I changed my password and my secret question and reported it to ebay. I fear, though, that my message will just disappear into the ebay vortex.

I always communicate through ebay, not emails and wonder how somebody got in. I use ebay mostly for patterns, fabric, notions and occasional other things like toys for the kids.

Has this ever happened to anybody else?


----------



## Hauntiholik (May 17, 2006)

Never log in from a link in your email unless you are 100% sure it is from ebay. It is always safer to go to your browser window and type in www.ebay.com.

Spoofing occurs with Aol, Paypal, and any other service. So just be safe and log in from the website that YOU TYPE. Dont click a link or let anyone type it for you.
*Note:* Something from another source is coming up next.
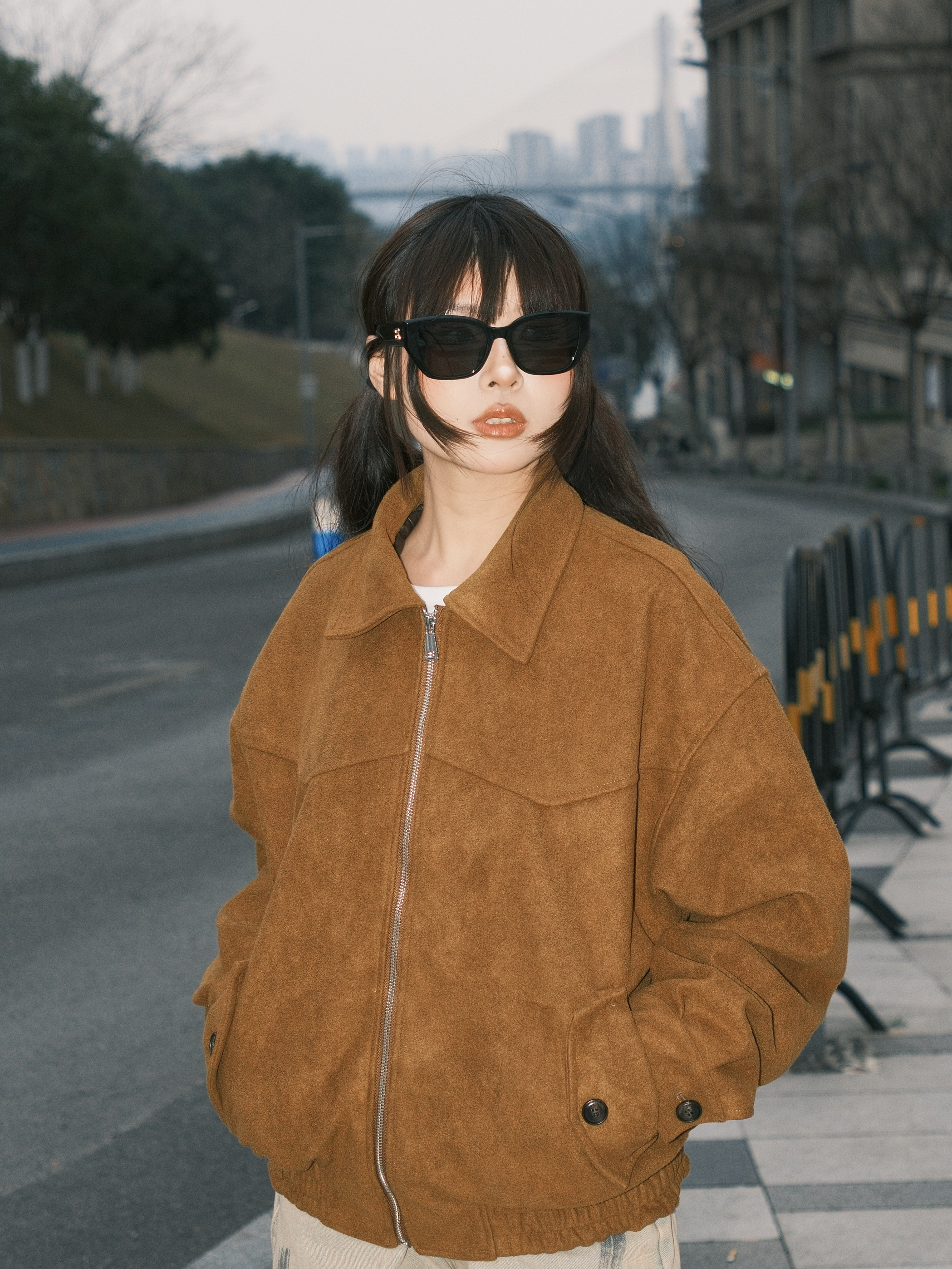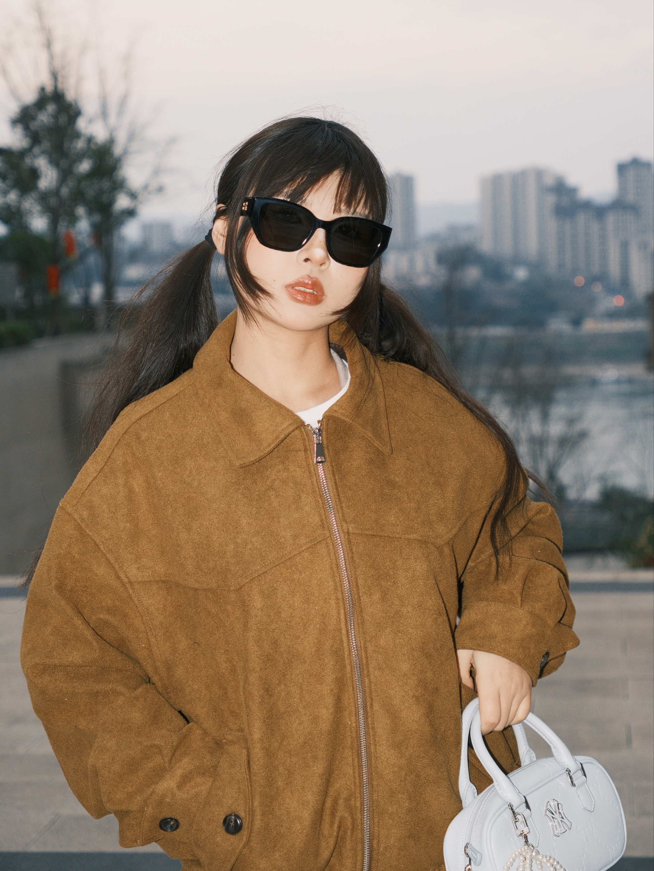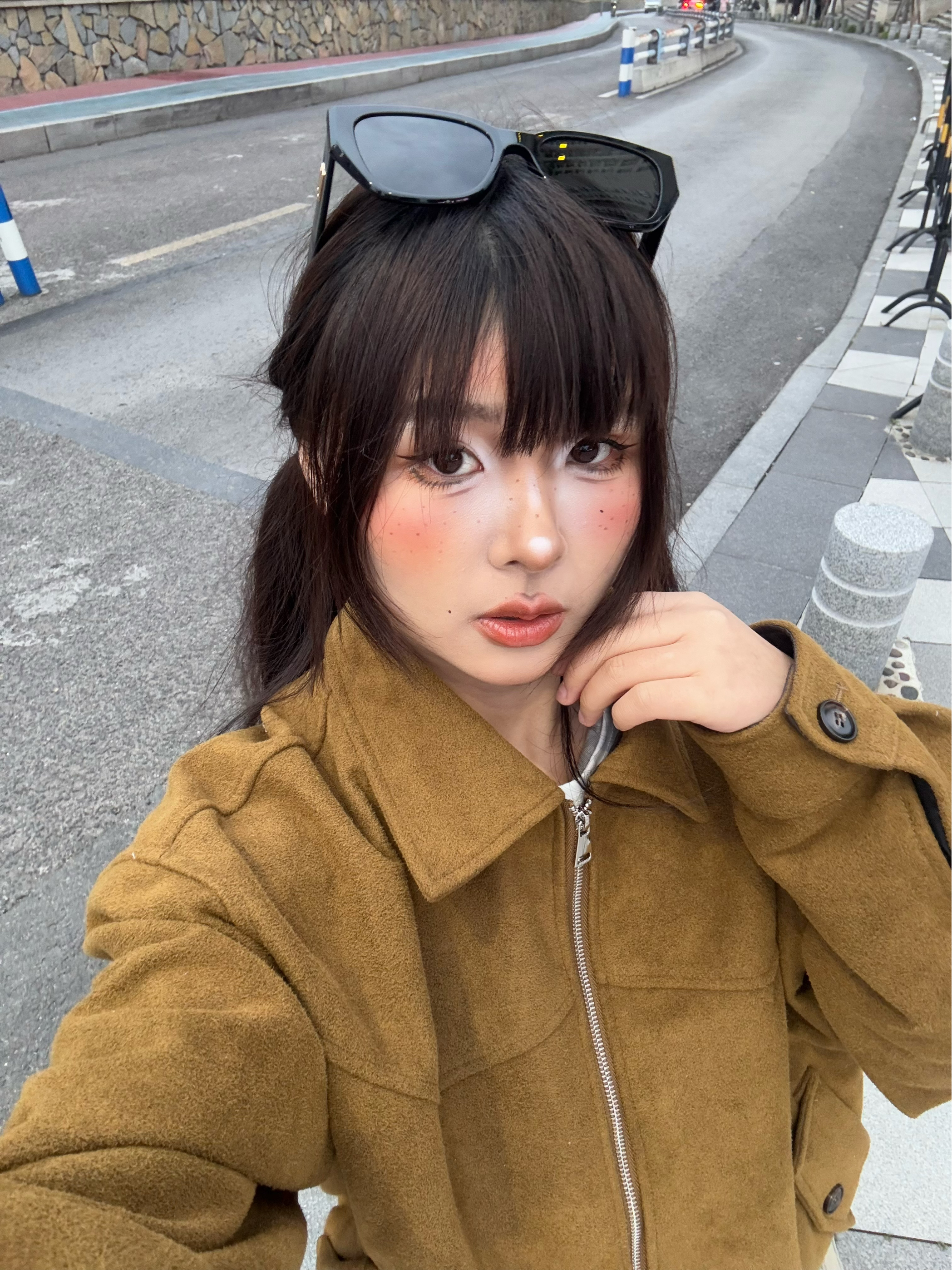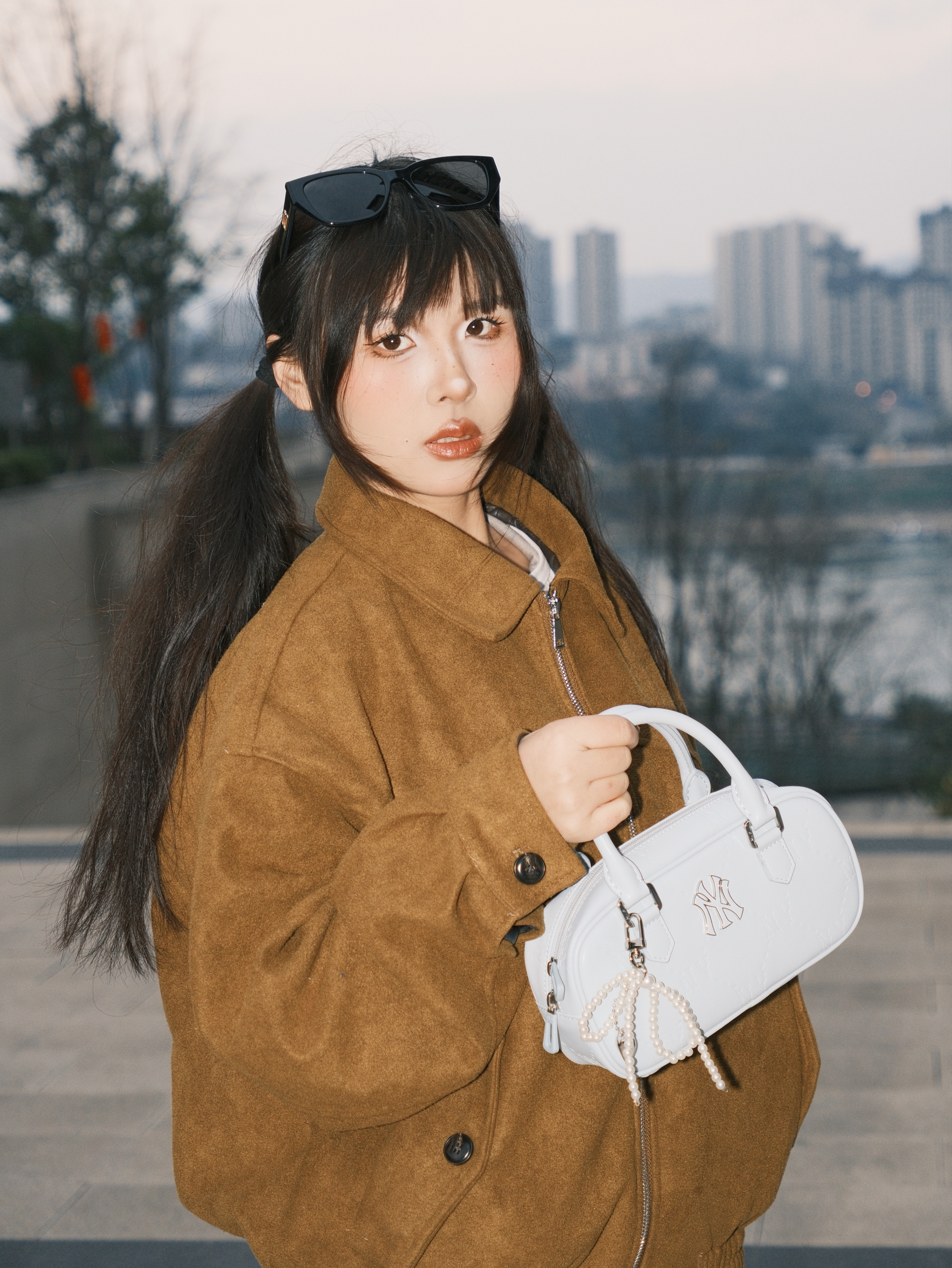 美拉德外套和秋冬适配度拉满啦 戴上墨镜酷酷的~ 手提mlb的蓝色保龄球包包~ 真的爱啦

So if Ebay or Paypal sent you an email, you should be able to access it form Ebay.com or Paypal.com.


----------



## Ms. Wicked (Nov 14, 2006)

I'm pretty certain that I didn't log in from an email. I communicate through ebay on the site for this very reason.

This is why I'm alarmed.


----------



## TearyThunder (Jul 1, 2006)

There's some coding some sellers put in their listing that automatically adds their listing (or other listings) to your watch list. It could have been added even from another auction (for example an auction for bubblesgum wrappers could have linked to the cruise) Alot of the listings that make it to pulse (like the make millions on ebay auction) by doing this. It's very possible you were looking at something that added these to your watch list.


----------



## Lotus (Nov 12, 2004)

I love the paypal spoofs the return address are funny.


----------



## Ms. Wicked (Nov 14, 2006)

<sigh>

Problem solved.

I just spoke to Mr. W... he was looking at the 48 Plymouth convertible and the Bahamas Beach/Cruise vacation package.
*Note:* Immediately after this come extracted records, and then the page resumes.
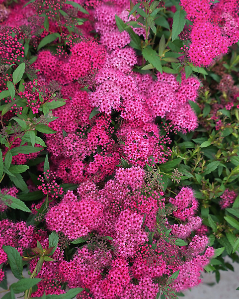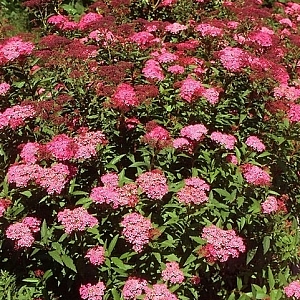 Ярко и обильно цветущий акцентный сорт спиреи. Прямостоящие побеги образуют крону правильной формы, до 1 м в диаметре. При распускании листья темно-зеленые с красноватым оттенком, а к осени приобретают уверенный красный цвет. Плотные темно-амарантовые соцветия не бледнеют на протяжении всего периода цветения. Цветет почти все лето, может повторно зацвести и осенью. Растение неприхотливо в уходе, зимостойкость до −35 °С.
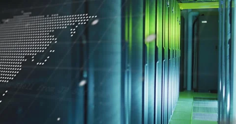 Digital data processing and analytics over server room with world map ...
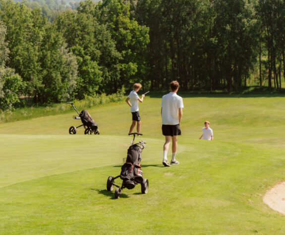 Vår 18-hålsbana är både rymlig och omväxlande, vilket gör den perfekt att spela golf på för nybörjare eller erfarna golfspelare. Med välskötta greener och en omgivning som andas charm, blir varje runda en upplevelse för dig och ditt golf team! Efter spelet kan du koppla av på vår terrass med en njutbar lunch och en bärs, samtidigt som du blickar ut över golfbanan.
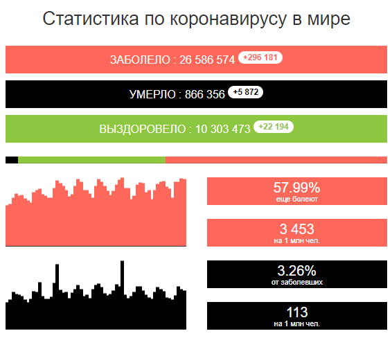 За последние двое суток в мире зафиксировано почти по 300 тысяч новых случаев kopoнaвирусa . Общее количество забoлевших превышает уже более 26 миллионов человек Количество yмeрших продолжает держаться в районе 5-6000 человек в сутки При этом лeтaльнoсть от kopoнaвирусa в мире продолжает постепенно снижаться и сейчас примерно в 2 раза ниже, чем в начале мая. Если в Северной Америке идет спад распространения kopoнaвирусa, то в Европе и Южной Азии, распространение только набирает ход. При этом в Южной Азии это еще первая волна, а в Европе это уже вторая волна распространения. По количеству новых случаев лидирует Индия. Испания и Франция опять попали в 10 стран и занимают 5 и 6 место. По количеству новых случаев cмeрти так же лидирует Индия. Подробную статистику можно посмотреть здесь. Подробную статистику: - по России можно посмотреть здесь - по макрорегионам мира можно посмотреть здесь - по всем странам мира можно посмотреть здесь

He doesn't have an ebay account and thought that he "watched" the items in a guest account. I guess when he saved it, ebay recognized my IP or something.

:googly:


----------



## Spookineer (Aug 20, 2006)

That's why I always log out from ebay when I'm done. So hubby wants to fill up that garage before you do? LOL


----------



## HibLaGrande (Sep 25, 2005)

a while back I did receive a fraud pay-pal e-mail. claiming I need to update my account, the link went to a very real looking web page. I reported it., I also had a similar email sent from someone claiming to be from Bank of America, same setup. a woman at work had her daughter get robbed by these frauds, wiped out her entire bank account. so yeah your pay-pal may have been compromised.


----------



## Sickie Ickie (Jun 20, 2006)

Good to know no problem actually occurred.


----------



## Lotus (Nov 12, 2004)

Silly Mr. W


----------



## Vlad (Aug 2, 2005)

Lucky it wasn't porn.


----------



## Otaku (Dec 3, 2004)

HibLaGrande said:


> a while back I did receive a fraud pay-pal e-mail. claiming I need to update my account, the link went to a very real looking web page. I reported it., I also had a similar email sent from someone claiming to be from Bank of America, same setup. a woman at work had her daughter get robbed by these frauds, wiped out her entire bank account. so yeah your pay-pal may have been compromised.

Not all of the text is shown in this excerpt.